I capelli erano completamente fradici ed erano completamente attaccati alla testa e al collo. Un tremito scosse interamente la bambina, ma nessun lamento uscì dalla sua voce.

«Oh, allora parli…» sorrise lui. «non è un po’ freddo per una bambina?»

«Non sono una bambina.» ribatté lei, sollevando la testa e puntando il piccolo naso verso di lui.

«E chi sei?»

«E tu?» lo sguardo di lei si posò con stizza su quello di lui.

«Evreirth… spero che non ci voglia molto ad arrivare a quella casa.» sospirò. «Odio viaggiare con la pioggia.»

La bambina fece un mezzo sorriso.

«Dimmi, bambina, conosci una certa Hlara Sigbranddottir?»

Gli occhi della bambina si allargarono di sorpresa e la bocca si socchiuse mentre la bambina non sapeva come rispondere. Forse era vero, ci sarebbe stato davvero qualcuno ma il temporale l'aveva fatto ritardare.

«Cosa vuoi da lei?» chiese la bambina, sospettosa, tirandosi via il mantello e lasciandolo cadere accanto a sé.

L'uomo la osservò con attenzione. Notò la bambola malconcia stretta tra le mani e gli abiti rattoppati che le cadevano troppo grandi sulle spalle, per quanto fossero intrisi d'acqua. Il lieve sorriso sparì dal suo volto.

«È stata notata dai Dragensønnene e sono venuto a prenderla.»

 «I Drag…» le parole le morirono in bocca. «sono io, Trude mi ha mandato al pozzo.»

***

Salì gli ultimi gradini della torre, silenziosa. Soltanto il ticchettio dei tacchi degli stivali morbidi le stava facendo compagnia e sollevò lo sguardo verso la porta di legno dinnanzi a lei.

La porta cigolò appena quando la spostò e si infilò all'interno. La luce di Taas, pallida, era molto debole e quella dorata di Ähdö quasi la nascondeva del tutto. La maggior parte degli scuri era accostata, ma da uno solo, rivolto a sud, la luce delle lune entrava dorata. Una figura era appoggiata sulla parete, sul montante sinistro, e sembrava essere assorto nei suoi pensieri.

Franziskyra sorrise e chiuse la porta alle sue spalle. Appoggiò per bene le punte dei piedi, facendo attenzione a non battere i talloni, mentre si dirigeva verso l'uomo.

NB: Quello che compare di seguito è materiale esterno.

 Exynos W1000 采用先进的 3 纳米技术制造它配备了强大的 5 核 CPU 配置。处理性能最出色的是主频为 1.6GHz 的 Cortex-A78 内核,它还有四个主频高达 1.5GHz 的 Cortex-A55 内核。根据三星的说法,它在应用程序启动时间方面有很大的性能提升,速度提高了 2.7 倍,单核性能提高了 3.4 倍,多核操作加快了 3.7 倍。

Allungò le mani per portarle al viso di lui.

L'uomo si voltò velocemente. L'avvolse tra le braccia e le baciò la fronte, sollevandola leggermente.

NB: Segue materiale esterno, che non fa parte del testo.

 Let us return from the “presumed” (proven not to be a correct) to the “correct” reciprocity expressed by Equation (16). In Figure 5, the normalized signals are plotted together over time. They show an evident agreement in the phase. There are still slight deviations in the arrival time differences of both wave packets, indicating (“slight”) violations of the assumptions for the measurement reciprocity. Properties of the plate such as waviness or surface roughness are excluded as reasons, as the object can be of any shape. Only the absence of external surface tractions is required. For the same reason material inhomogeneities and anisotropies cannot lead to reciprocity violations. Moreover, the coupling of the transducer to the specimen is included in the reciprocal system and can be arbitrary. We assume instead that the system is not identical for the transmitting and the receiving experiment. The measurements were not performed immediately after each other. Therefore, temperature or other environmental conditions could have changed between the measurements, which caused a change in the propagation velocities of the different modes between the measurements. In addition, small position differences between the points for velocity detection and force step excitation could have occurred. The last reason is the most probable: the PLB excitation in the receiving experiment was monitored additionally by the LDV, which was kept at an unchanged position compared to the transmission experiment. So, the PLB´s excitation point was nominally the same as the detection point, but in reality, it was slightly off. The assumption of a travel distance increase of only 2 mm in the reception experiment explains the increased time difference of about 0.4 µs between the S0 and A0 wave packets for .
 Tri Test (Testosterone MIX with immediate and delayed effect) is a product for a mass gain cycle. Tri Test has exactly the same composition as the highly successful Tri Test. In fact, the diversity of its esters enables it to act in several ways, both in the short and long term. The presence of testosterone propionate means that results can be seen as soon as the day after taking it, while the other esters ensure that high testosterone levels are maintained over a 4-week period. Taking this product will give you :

«Sei il solito, Evreirth.» ridacchiò, appoggiandosi a lui e circondandolo a sua volta con le braccia.

Evreirth appoggiò il mento sulla testa di lei, con un lieve sorriso in volto. «Come ogni volta in cui tenti di eguagliare Draumr.» ridacchiò, dandole un bacio sui capelli. «Come guerriera brava… ma non sei affatto un'infiltrata.»

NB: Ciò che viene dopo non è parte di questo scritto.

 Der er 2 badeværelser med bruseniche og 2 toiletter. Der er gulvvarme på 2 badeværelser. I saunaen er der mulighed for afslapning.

Franziskyra appoggiò l'orecchio sul suo petto, sentendo il lieve e lento battito del cuore dell'individuo accanto a lui, e chiuse gli occhi.

«Alla fine è arrivato il tuo messo?» chiese, in un lieve sussurro.

«Si sarà perso nel nido.» sbuffò, sollevandola come una bambina e portandola sul ripiano dov'era seduto, sistemandola sulle proprie gambe. «I cuccioli sanno dimenticarsi le cose in pochi istanti. Cosa ti hanno detto?»

La ragazza si accoccolò per meglio sulle gambe dell'uomo, sistemando con un gesto la treccia biondo cenere sulla spalla destra. Sollevò lo sguardo su di lui, osservando il familiare volto umano dai lunghi capelli neri ed il pizzetto ben curato, il volto che lui sceglieva ormai da quasi un secolo di conoscenza.

«Il principe duerg di Riippuva si è perso nella missione per provare il suo valore.» riassunse in poche parole. «Dobbiamo trovarlo e, se necessario, salvarlo.»

«Comodo…» sbuffò, portando lo sguardo sulla piccola falce di Taas e su Ähdö quasi piena. «sarà un piacere arrancare nelle sale dei duerg…»

Franziskyra ridacchiò, osservando la reazione di Evreirth. «Vorrà dire che ti lascerò a Reykjarholl e dovrò fare da sola…» disse, con un tono tra il pensieroso e l'ironico. «forse è per questo che non ti hanno mandato ad avvisare…»

Evreirth abbassò lo sguardo su lei. «Pensi che ti lascerò sola in quella terra di tappi?» chiese, lievemente risentito. «Non ti libererai di me tanto facilmente, cucciola, poi chi ti verrà a salvare?»

«Come mai potrei fare senza il mio drago in spendente armatura?» rise Franziskyra, una risata cristallina e divertita.

Evreirth la fulminò con lo sguardo, ma poi si concesse un lieve sorriso mentre la giovane appoggiava la testa sulla sua spalla.

 «Cosa sarei stata senza di te?» chiese, con un lieve sorriso in volto.